И тут Владимир, сидевший сейчас на Бобровом месте, преодолевая робость и сильно покраснев, подал голос:

—  А нельзя друга нашего пронского попросить?

—  Какого там еще дру...  — начал досадливо морщиться Василий Василич, но вдруг ошалело уставился на Владимира через стол и не договорил слова,  — Князь-Владимира?!  — и рывком к митрополиту:  — А?!!

Митрополит не изменил позы, молчал, но и в его глазах появилось что-то веселое. Он по своему обычаю стал похлопывать ладонью по ручке креслица:

—  А что ж... Над этим стоит помыслить.

—  Стоит, отче, стоит,  — поддакнул Феофаныч,  — тем более, что другого-то, пожалуй, ничего и не отыщешь.

—  А он согласится?  — спросил осторожный Добрынс-кий.  — Он с Олегом вместе не сбежал?

—  Не может такого быть!  — горячо вскрикнул Владимир и опять покраснел и замолчал.

—  Не должно,  — проворчал Квашня,  — Тебе, чай, лучше всех известно, сколько мы на него денег потратили.

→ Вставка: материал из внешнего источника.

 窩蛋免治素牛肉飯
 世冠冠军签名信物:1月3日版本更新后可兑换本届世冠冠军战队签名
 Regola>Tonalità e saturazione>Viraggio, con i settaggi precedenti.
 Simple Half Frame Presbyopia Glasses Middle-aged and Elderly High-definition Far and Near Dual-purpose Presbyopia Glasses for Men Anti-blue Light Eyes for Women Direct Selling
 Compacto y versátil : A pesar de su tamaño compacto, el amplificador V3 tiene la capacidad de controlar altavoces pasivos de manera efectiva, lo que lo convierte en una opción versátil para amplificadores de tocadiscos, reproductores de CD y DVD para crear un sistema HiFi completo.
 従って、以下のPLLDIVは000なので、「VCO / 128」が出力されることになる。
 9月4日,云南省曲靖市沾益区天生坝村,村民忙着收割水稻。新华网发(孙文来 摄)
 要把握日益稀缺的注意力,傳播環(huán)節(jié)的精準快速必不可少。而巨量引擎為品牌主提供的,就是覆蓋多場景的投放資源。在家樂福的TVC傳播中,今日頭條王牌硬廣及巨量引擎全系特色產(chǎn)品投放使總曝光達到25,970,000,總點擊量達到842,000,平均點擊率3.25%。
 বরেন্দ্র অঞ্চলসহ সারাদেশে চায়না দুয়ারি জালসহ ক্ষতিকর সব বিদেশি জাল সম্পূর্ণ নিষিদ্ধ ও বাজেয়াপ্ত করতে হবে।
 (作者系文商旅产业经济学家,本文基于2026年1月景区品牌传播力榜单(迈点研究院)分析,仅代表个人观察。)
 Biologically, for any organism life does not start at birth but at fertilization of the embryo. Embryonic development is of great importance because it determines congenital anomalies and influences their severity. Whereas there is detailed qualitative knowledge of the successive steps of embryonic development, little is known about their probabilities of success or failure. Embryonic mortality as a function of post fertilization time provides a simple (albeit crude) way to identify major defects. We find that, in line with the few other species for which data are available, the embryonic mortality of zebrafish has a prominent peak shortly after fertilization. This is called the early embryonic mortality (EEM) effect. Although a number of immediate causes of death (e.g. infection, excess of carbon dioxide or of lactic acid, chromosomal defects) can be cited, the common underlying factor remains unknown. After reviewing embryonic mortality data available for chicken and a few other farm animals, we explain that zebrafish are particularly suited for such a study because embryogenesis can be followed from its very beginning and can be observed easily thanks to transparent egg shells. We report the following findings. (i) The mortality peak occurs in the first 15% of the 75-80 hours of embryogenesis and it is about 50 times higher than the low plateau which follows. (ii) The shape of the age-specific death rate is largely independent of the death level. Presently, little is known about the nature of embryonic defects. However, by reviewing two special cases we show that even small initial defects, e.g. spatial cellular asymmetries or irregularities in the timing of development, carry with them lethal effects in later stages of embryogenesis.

—  Немало,  — усмехнулся казначей.

 

* * *

Московское войско, подошедшее к Переяславлю Рязанскому, не выказало никаких враждебных намерений. Город, конечно, был жалок: посады брошены, хотя не сожжены, народу на стенах кремля совсем не густо, да и те вида вовсе не военного  — бери все голыми руками. Но москвичи не только к стенам не подступили, но и посады грабить не кинулись. Встали лагерем в некотором отдалении, выслали к стенам парламентеров. Кричали насчет переговоров с князем. Просили выйти для разговора или послов принять. Со стен отвечали, что князя в городе нет, пусть ищут его в другом месте. Но москвичи продолжали настаивать, упирая на то, что рязанцы должны позаботиться о пленных, особенно раненых, что война кончена, все рязанское войско в плену и нечего ерепениться, тем более если князь Олег сбежал и вас бросил.

Чтобы уговорить рязанцев открыть ворота, понадобилось два дня. В конце концов те согласились. Им, впрочем, деваться было некуда  — избавление не светило ниоткуда. Как только главное было преодолено, то есть открыты ворота, сразу все стало разрешаться быстро и как бы само собой. Рязанцы увидели  — подлости нет. Не грабят и не насилуют. Москвичи сбросили с плеч долой главную тяжесть  — раненых. И с властью получилось для рязанцев не обидно, появился Владимир Пронский, свой, не Москвой навязанный, хоть он им и друг, но все же... Правда, многомудрый Епифан (он почему-то оказался в городе) сразу же завел разговор об освобождении пленных, установлении «вечного» мира по старине и прочее. Даже о Лопасне речи повел, туманно формулируя ее принадлежность Рязани. Пораженный такой наглостью Бобер, глянув на него в упор, отчего у боярина мурашки побежали от ушей по спине до самой задницы, отрубил с любезной улыбкой:

—  Каждому пленному за себя придется выкуп дать.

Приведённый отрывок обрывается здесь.